He escrito alguna vez acerca de la magistral defensa que, de la Navidad auténtica frente a la frivolización de la Navidad, hizo mi admirado Chesterton en uno de sus artículos que hace más de ochenta años tituló Un nuevo ataque contra la Navidad. De manera que le cedo la palabra.

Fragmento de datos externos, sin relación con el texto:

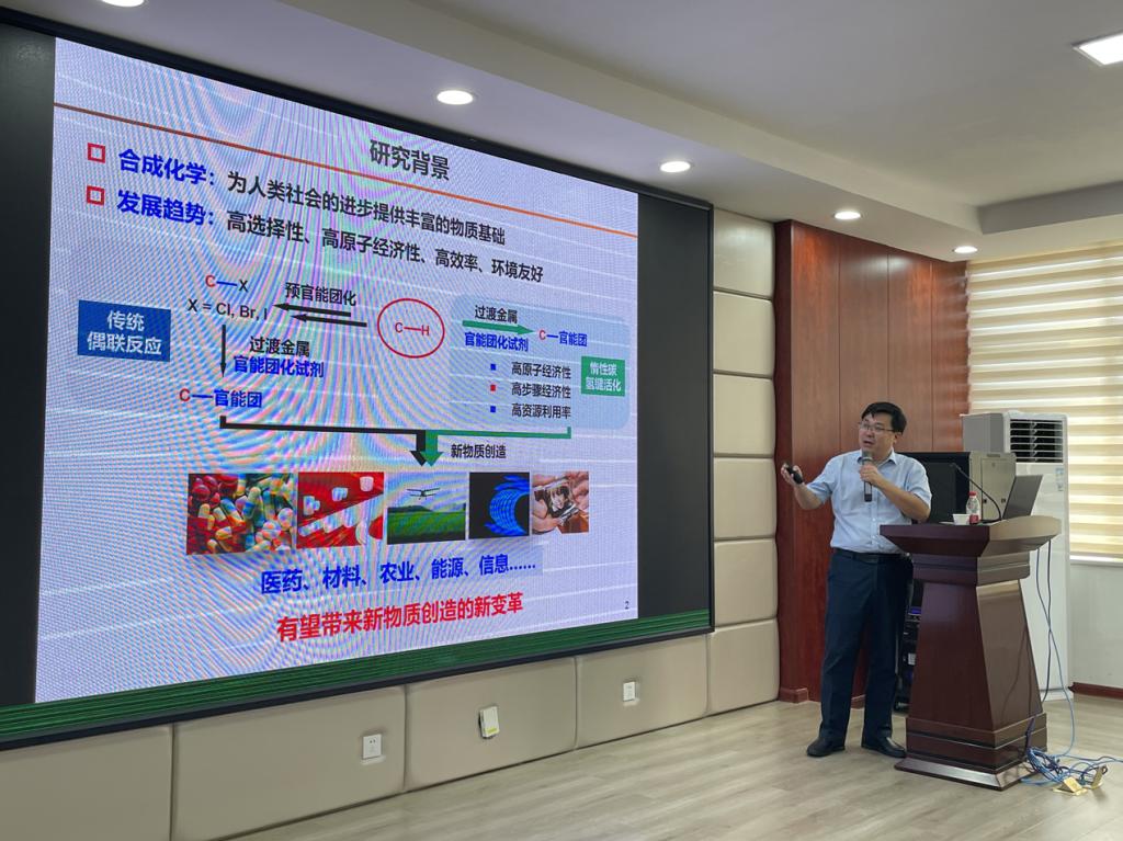 7月13日上午,应william威廉中文官网化学与食品工程学院邀请,国家杰青长江学者浙江大学史炳锋教授在云塘校区工三A320作了题为 “惰性碳氢键不对称催化转化”的学术报告,此次报告会为第九期研究生博力学术分论坛,由化学学院周俊特聘教授主持,化学化工相关学科师生百余人参加。

La Navidad, que en el siglo XVII tuvo que ser rescatada de la tristeza, tiene que ser rescatada en el siglo XX de la frivolidad”, adelantaba Chesterton. “La frivolidad es el intento de alegrarse sin nada sobre lo que alegrarse”, escribía el ilustre gordo para indicar que el principal peligro al que está siendo sometida la Navidad consiste en dejarla reducida a una mera fiesta desprovista de su significado cristiano. “Que se nos diga que nos alegremos un 25 de diciembre es como si alguien nos dijera que nos alegremos a las once y cuarto de un jueves por la mañana. Uno no puede ser frívolo así, de repente, a no ser que crea que existe una razón seria para ser frívolo (…) El resultado de desechar el aspecto divino de la Navidad y exigir sólo lo humano es que se exige demasiado de la naturaleza humana. Es pedir a los ciudadanos que iluminen la ciudad por una victoria que no ha tenido lugar; o por una que saben no es nada más que la mentira de algún periódico nacionalista o patriótico en exceso. Es pedirles que se vuelvan locos de gozo romántico porque dos personas de su agrado se están casando justo en el momento que se están divorciando (…) Nuestra tarea, hoy día, consiste por tanto en rescatar la festividad de la frivolidad. Esa es la única manera de que volverá de nuevo a ser festiva. Los niños todavía entienden la fiesta de Navidad: algunas veces celebran con exceso lo que se refiere a comer una tarta o un pavo, pero no hay nunca nada frívolo en su actitud hacia la tarta o el pavo. Y tampoco hay la más mínima frivolidad en su actitud con respecto al árbol de Navidad o a los Reyes Magos. Poseen el sentido serio y hasta solemne de la gran verdad: que la Navidad es un momento del año en el que pasan cosas de verdad, cosas que no pasan siempre”.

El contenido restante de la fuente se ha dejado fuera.